Regional inactivations of primate ventral prefrontal cortex reveal two distinct mechanisms underlying negative bias in decision making

Dysregulation of the orbitofrontal and ventrolateral prefrontal cortices is implicated in anxiety and mood disorders, but the specific contributions of each region are unknown, including how they gate the impact of threat on decision making. To address this, the effects of GABAergic inactivation of these regions were studied in marmoset monkeys performing an instrumental approach–avoidance decision-making task that is sensitive to changes in anxiety. Inactivation of either region induced a negative bias away from punishment that could be ameliorated with anxiolytic treatment. However, whereas the effects of ventrolateral prefrontal cortex inactivation on punishment avoidance were seen immediately, those of orbitofrontal cortex inactivation were delayed and their expression was dependent upon an amygdala–anterior hippocampal circuit. We propose that these negative biases result from deficits in attentional control and punishment prediction, respectively, and that they provide the basis for understanding how distinct regional prefrontal dysregulation contributes to the heterogeneity of anxiety disorders with implications for cognitive-behavioral treatment strategies. Significance Fear of negative outcomes has a powerful adverse influence on decision making in anxiety disorders.

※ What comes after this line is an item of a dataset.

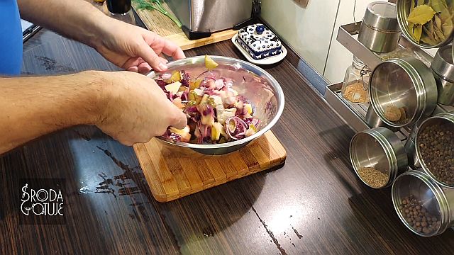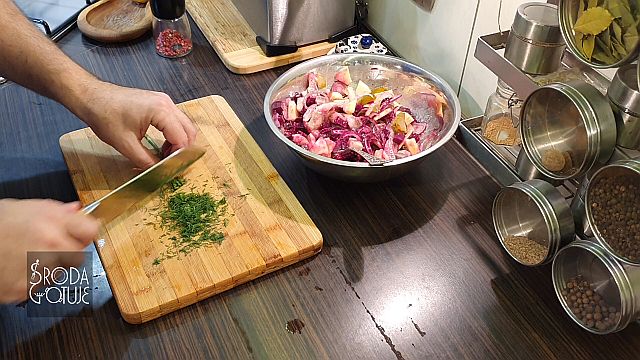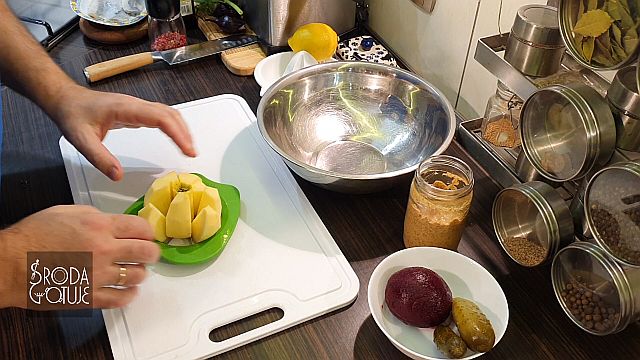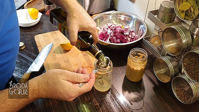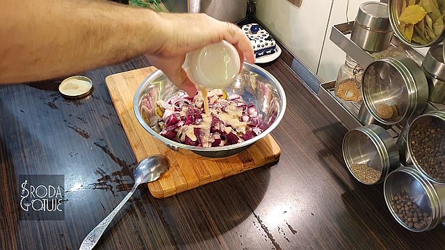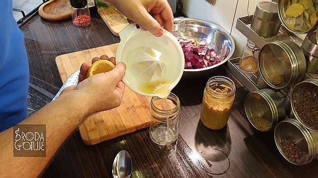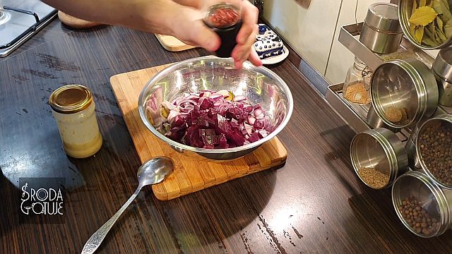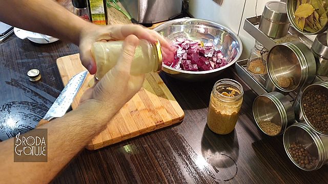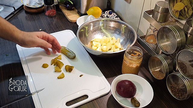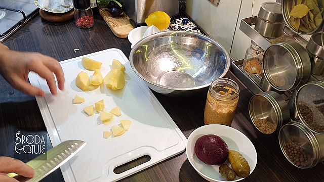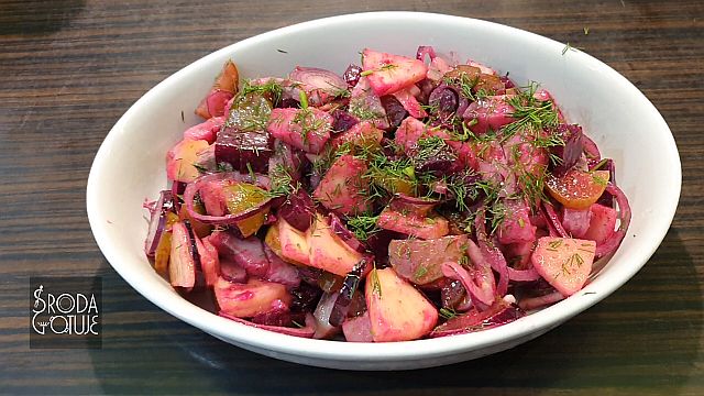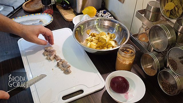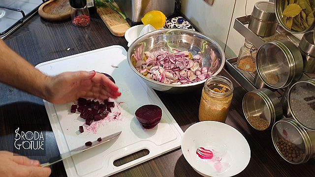 Doskonale dobrane smaki, jest słonawo, kwaśno i słodko: - 3 - 4 płaty śledziowe ala matyjas - 1 średni gotowany burak - 1 średnie kwaskowe jabłko - dwa średnie ogórki kiszone - 1 lub dwie cebule czerwone - trochę koperku zielonego - pieprz kolorowy do smaku SOS - sok z połowy cytryny - 6 łyżek dobrego oleju rzepakowego - 1 łyżka musztardy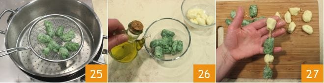 Cuisez de la même manière les gnocchis verts puis égouttez-les 25, placez-les dans un petit bol et assaisonnez-les avec un peu d'huile 26. À ce stade, vous pouvez composer les brochettes : prenez un pic en bois et embrochez-les en alternant les blancs et les verts 27.

Although neuroimaging studies of patients with anxiety disorders have revealed dysregulation in numerous frontal brain regions including the orbitofrontal and ventrolateral prefrontal cortex, the causal involvement of this dysregulation is unknown. Here we demonstrate that in the marmoset monkey, inactivation of anterior orbitofrontal or ventrolateral prefrontal cortex increases negative bias in decision making via two distinct cognitive mechanisms—elevated uncertainty and attentional disruption, respectively. These findings provide, to our knowledge, the first direct evidence that dysregulation of distinct neurocognitive mechanisms within the prefrontal cortex may underlie the mixed etiology of anxiety disorders. Such insight will allow the development of more precise diagnostics and individually tailored therapeutic approaches.